Task item: The reply is a verbatim copy of the listing below with its images dropped.

-------- Collected data

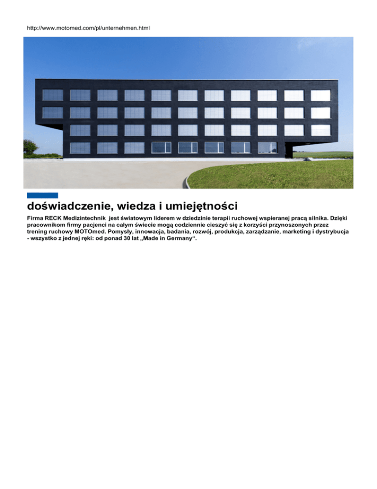 http://www.motomed.com/pl/unternehmen.html doświadczenie, wiedza i umiejętności Firma RECK Medizintechnik jest światowym liderem w dziedzinie terapii ruchowej wspieranej pracą silnika. Dzięki pracownikom firmy pacjenci na całym świecie mogą codziennie cieszyć się z korzyści przynoszonych przez trening ruchowy MOTOmed. Pomysły, innowacja, badania, rozwój, produkcja, zarządzanie, marketing i dystrybucja - wszystko z jednej ręki: od ponad 30 lat „Made in Germany“.
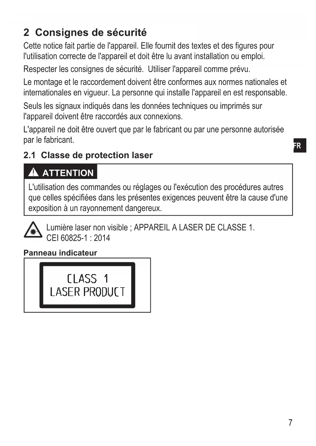 2 Consignes de sécurité Cette notice fait partie de l'appareil Elle fournit des textes et des figures pour l'utilisation correcte de l'appareil et doit être lu avant installation ou emploi Respecter les consignes de sécurité Utiliser l'appareil comme prévu Le montage et le raccordement doivent être conformes aux normes nationales et internationales en vigueur La personne qui installe l'appareil en est responsable Seuls les signaux indiqués dans les données techniques ou imprimés sur l'appareil doivent être raccordés aux connexions L'appareil ne doit être ouvert que par le fabricant ou par une personne autorisée par le fabricant
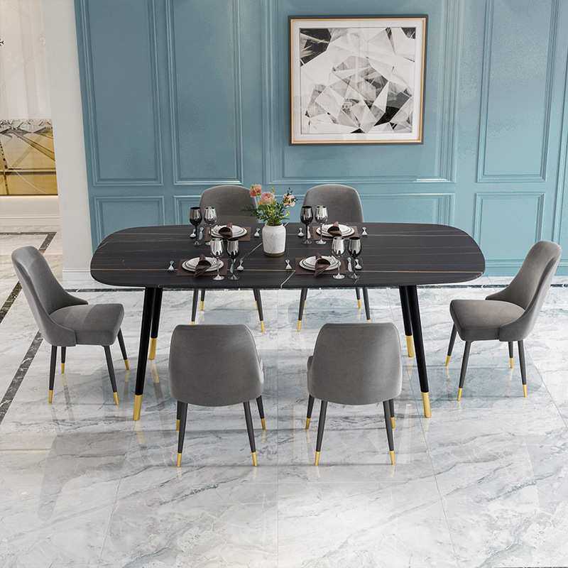📚 岩板大理石餐桌椅组合简约小户型北欧网红轻奢家用吃饭桌子可折叠
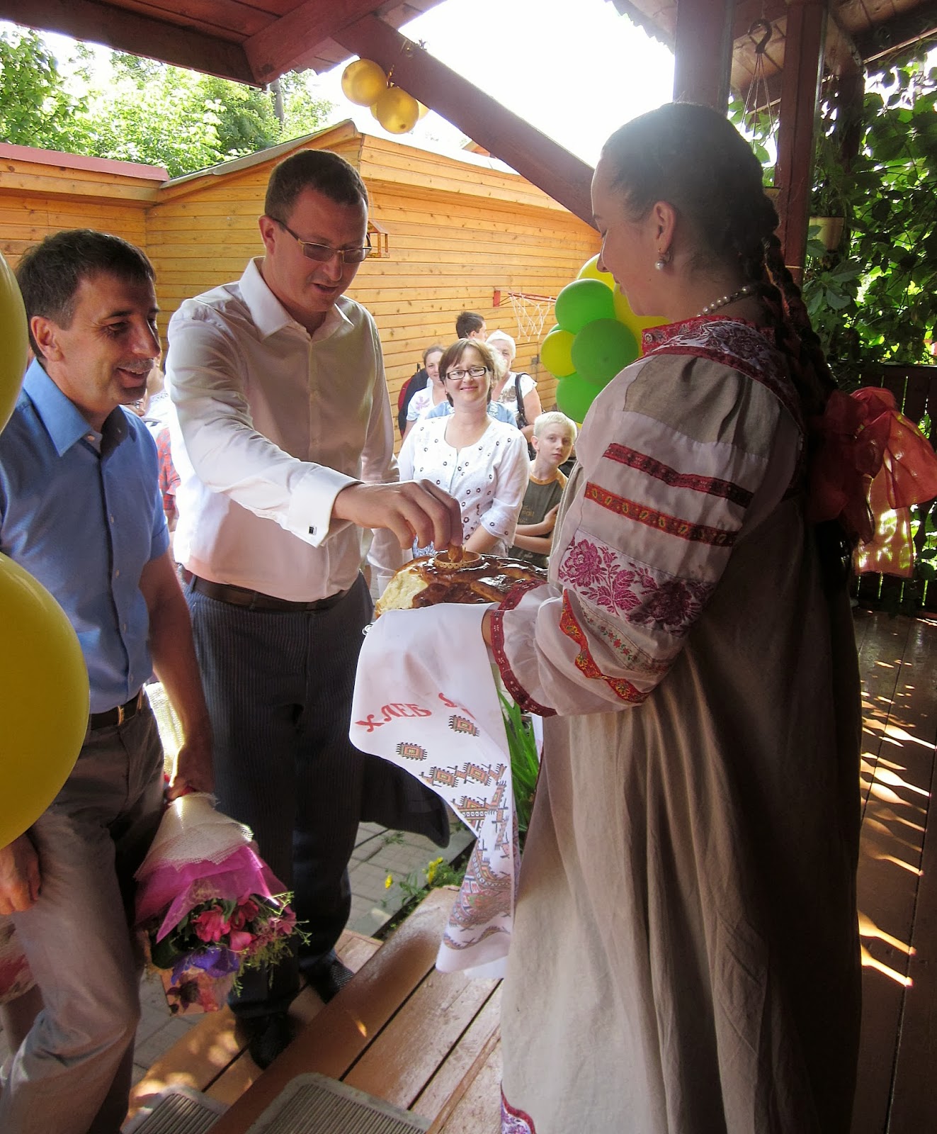 Встречает гостей хлебом - солью дочь хозяев Татьяна.

----------------

Response:
 http://www.motomed.com/pl/unternehmen.html doświadczenie, wiedza i umiejętności Firma RECK Medizintechnik jest światowym liderem w dziedzinie terapii ruchowej wspieranej pracą silnika. Dzięki pracownikom firmy pacjenci na całym świecie mogą codziennie cieszyć się z korzyści przynoszonych przez trening ruchowy MOTOmed. Pomysły, innowacja, badania, rozwój, produkcja, zarządzanie, marketing i dystrybucja - wszystko z jednej ręki: od ponad 30 lat „Made in Germany“.
 2 Consignes de sécurité Cette notice fait partie de l'appareil Elle fournit des textes et des figures pour l'utilisation correcte de l'appareil et doit être lu avant installation ou emploi Respecter les consignes de sécurité Utiliser l'appareil comme prévu Le montage et le raccordement doivent être conformes aux normes nationales et internationales en vigueur La personne qui installe l'appareil en est responsable Seuls les signaux indiqués dans les données techniques ou imprimés sur l'appareil doivent être raccordés aux connexions L'appareil ne doit être ouvert que par le fabricant ou par une personne autorisée par le fabricant
📚 岩板大理石餐桌椅组合简约小户型北欧网红轻奢家用吃饭桌子可折叠
 Встречает гостей хлебом - солью дочь хозяев Татьяна.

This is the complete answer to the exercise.